= Acronis Secure Zone =

Hard disk partition type

Acronis Secure Zone is a hard disk partition type created and used by Acronis True Image as a backup storage target.

==Overview==
Backup applications typically use network storage for storing backup archives, but this can be problematic when such resources are not available. Acronis designed a solution to this problem by carving off part of the local disk as a proprietary partition, which they refer to as Acronis Secure Zone. Since this partition is accessibly only by True Image and Backup & Recovery, it functions as a backup target safe from malware, user files, or other uses or corruption. Acronis True Image can manage only one Acronis Secure Zone per computer but can restore data off others (e.g., when a portable hard drive is connected).

==Technical Details==
Although the Acronis Secure Zone has its own partition type, it is actually just a rebadged FAT32 partition labeled ACRONIS SZ, with "partition type" code set to 0xBC. Knowing these requirements, one can manually create and/or manage existing Acronis Secure Zone using any partition manager. Since the Acronis Secure Zone is just a modified FAT32 partition type, it is possible to gain direct access to this partition by changing its partition type code to 0x0B (FAT32 LBA).

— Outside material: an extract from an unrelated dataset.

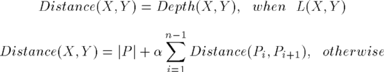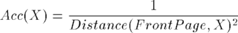 The farther an object is from the front page, the less accessible is it. Preliminary data shows an exponential falloff in accesses to a page as a function of its distance from the front page, and so we use the square of the distance. Let L(X,Y) be true when there exists a link from page X to page Y, Depth(X,Y) be the number of links above the link to Y on page X, and P be the set of pages P1 ... Pn along the minimal path from X to Y. We define the distance as:

Acronis True Image is designed to self-manage the backup archives stored to the Acronis Secure Zone. As such, all backup files are stored with autogenerated names in the root folder. If there is not enough free space for the next backup file, Acronis True Image will delete the oldest image set (base+incremental/differential files) in order to create space for the new files.

==Original Equipment Manufacturer Secure Zone==
OEM versions of True Image are designed to use a special "Original Equipment Manufacturer secure zone", which is technically the same as a regular Acronis Secure Zone, but uses a partition type of 0xBB, and typically contains only a single image file with the "factory default" operating system and application configuration set forth by the manufacturer.